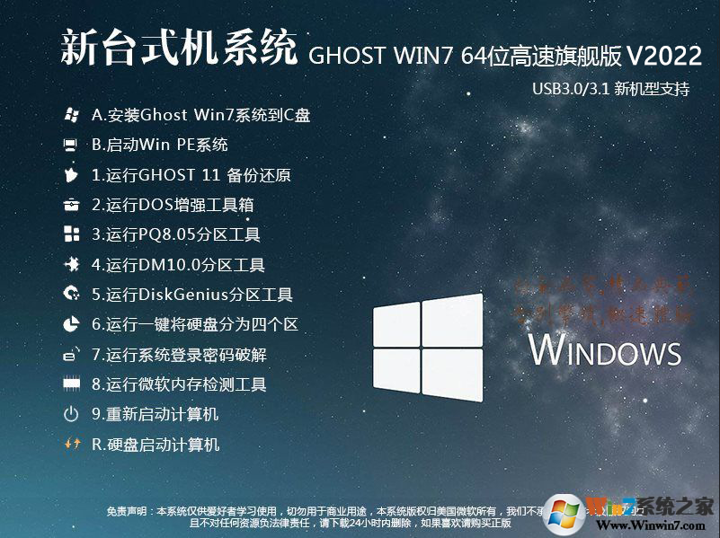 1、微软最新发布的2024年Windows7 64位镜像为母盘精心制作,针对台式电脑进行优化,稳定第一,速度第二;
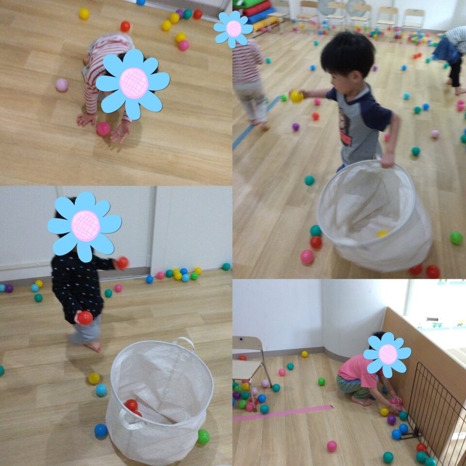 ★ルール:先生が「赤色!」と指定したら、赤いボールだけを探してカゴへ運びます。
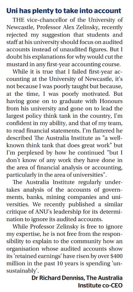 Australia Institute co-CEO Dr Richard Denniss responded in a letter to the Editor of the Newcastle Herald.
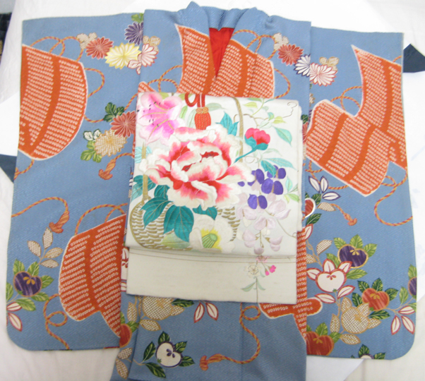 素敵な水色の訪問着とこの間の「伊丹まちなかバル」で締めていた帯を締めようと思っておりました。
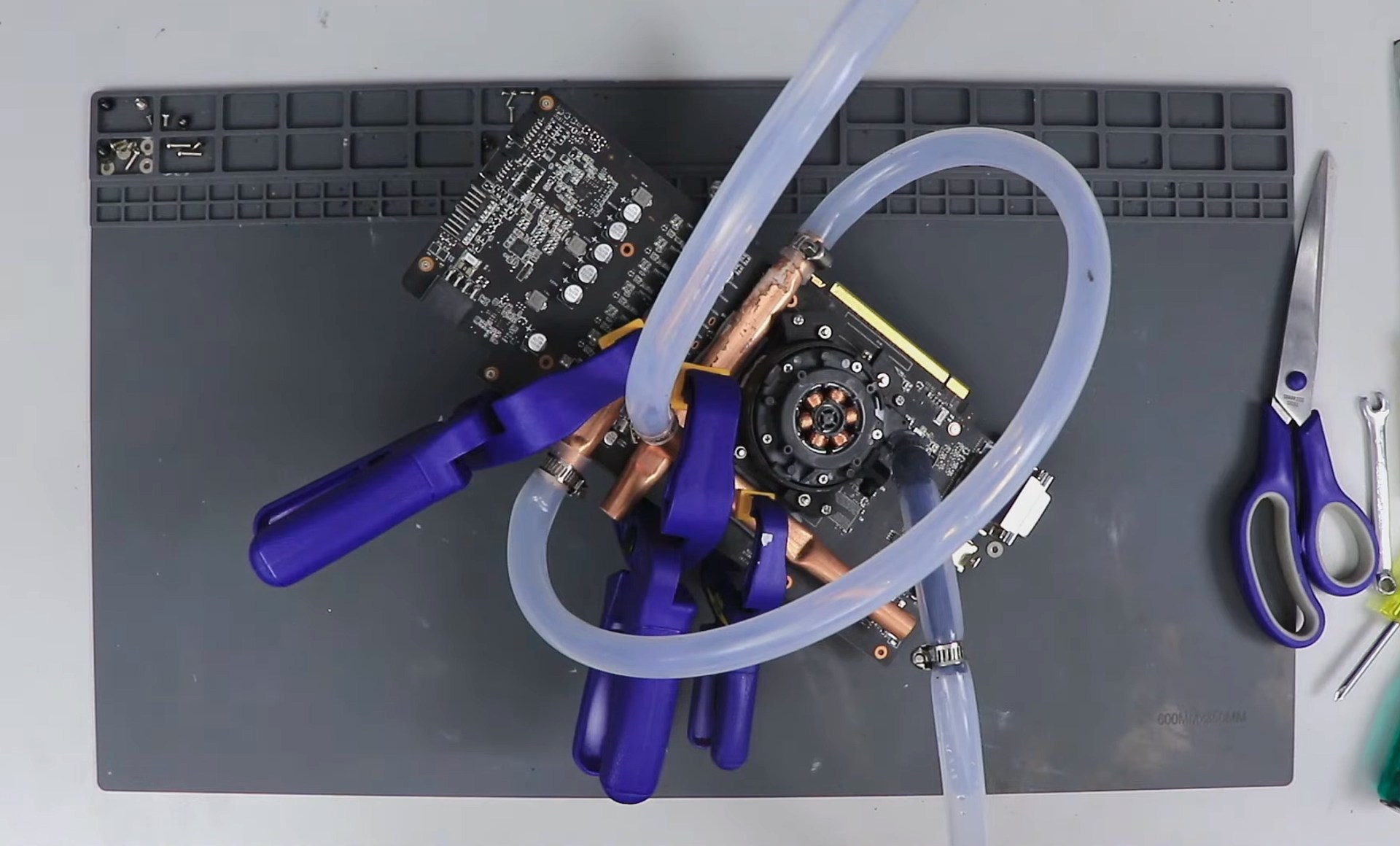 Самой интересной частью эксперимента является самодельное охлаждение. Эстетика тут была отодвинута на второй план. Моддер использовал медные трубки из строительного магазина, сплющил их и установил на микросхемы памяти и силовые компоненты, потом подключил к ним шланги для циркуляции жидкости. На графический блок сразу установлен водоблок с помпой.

□ □ □ □ □ □ □

Prompt: Line by line, reproduce exactly the lines from the one containing "素敵な水色の訪問着とこの間の" through the final line of the material, both included, leaving every picture out.

Exercise result:
 素敵な水色の訪問着とこの間の「伊丹まちなかバル」で締めていた帯を締めようと思っておりました。
 Самой интересной частью эксперимента является самодельное охлаждение. Эстетика тут была отодвинута на второй план. Моддер использовал медные трубки из строительного магазина, сплющил их и установил на микросхемы памяти и силовые компоненты, потом подключил к ним шланги для циркуляции жидкости. На графический блок сразу установлен водоблок с помпой.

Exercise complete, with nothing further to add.